• **LISTED ENTRIES**:
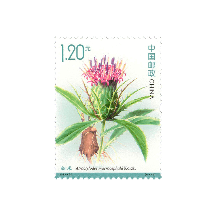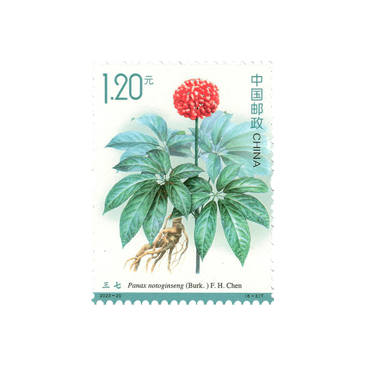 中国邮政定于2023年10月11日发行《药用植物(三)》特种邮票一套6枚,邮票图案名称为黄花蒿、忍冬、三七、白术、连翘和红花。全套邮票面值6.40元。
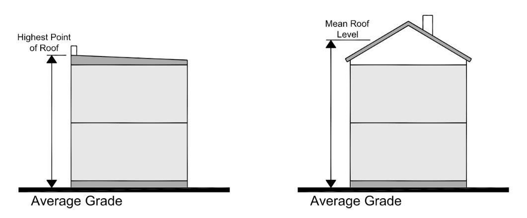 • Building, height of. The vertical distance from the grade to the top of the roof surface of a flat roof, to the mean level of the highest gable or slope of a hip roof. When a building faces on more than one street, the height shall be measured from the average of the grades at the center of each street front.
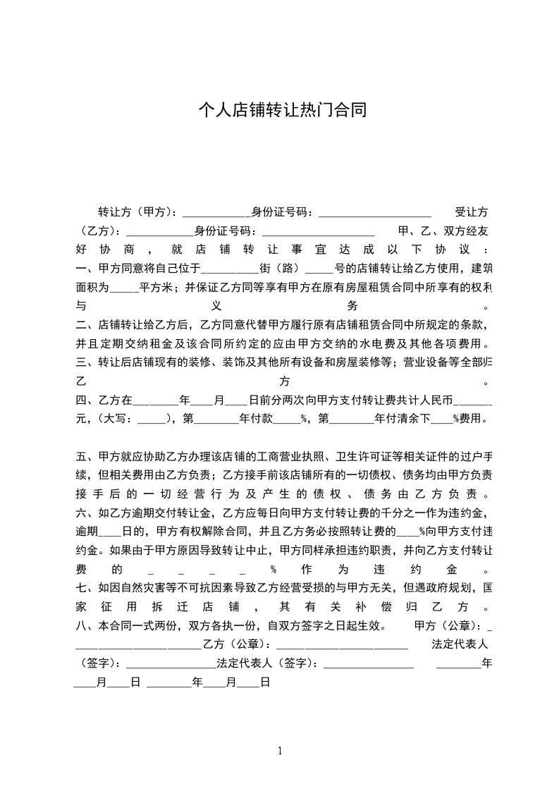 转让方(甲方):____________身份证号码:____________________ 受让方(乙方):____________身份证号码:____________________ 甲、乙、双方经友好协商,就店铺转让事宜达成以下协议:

* * *

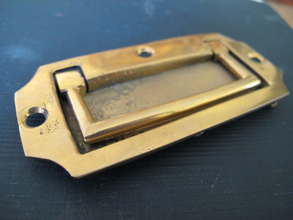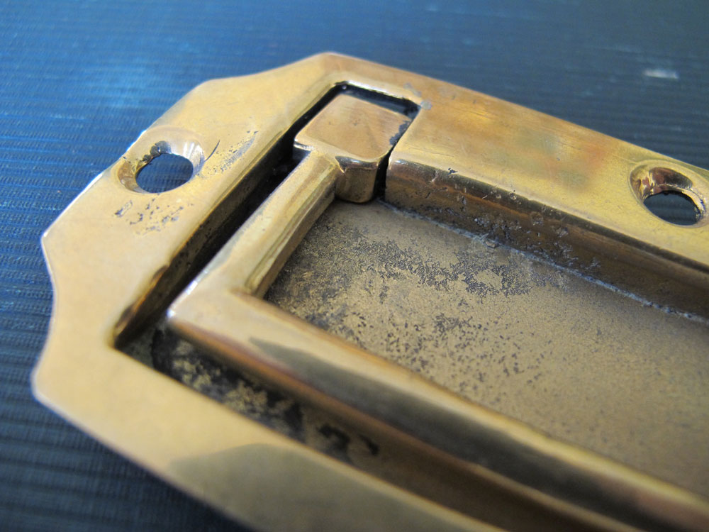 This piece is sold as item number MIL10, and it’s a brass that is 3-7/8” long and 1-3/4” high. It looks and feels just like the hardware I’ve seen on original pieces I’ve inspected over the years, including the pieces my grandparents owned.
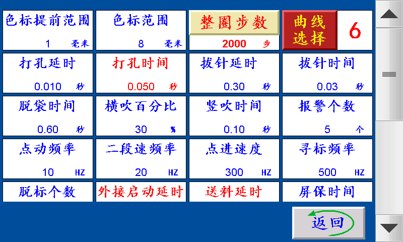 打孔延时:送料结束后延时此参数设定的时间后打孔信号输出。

• **WHAT YOU ARE ASKED TO DO**: Having found the line with "This piece is" and the line with "打孔延时:送料结束后延时此参数设定的时间后打孔信号输出。" in the material above, write out exactly those two and every line between, leaving the pictures out.

• **SOLUTION BELOW**:
 This piece is sold as item number MIL10, and it’s a brass that is 3-7/8” long and 1-3/4” high. It looks and feels just like the hardware I’ve seen on original pieces I’ve inspected over the years, including the pieces my grandparents owned.
 打孔延时:送料结束后延时此参数设定的时间后打孔信号输出。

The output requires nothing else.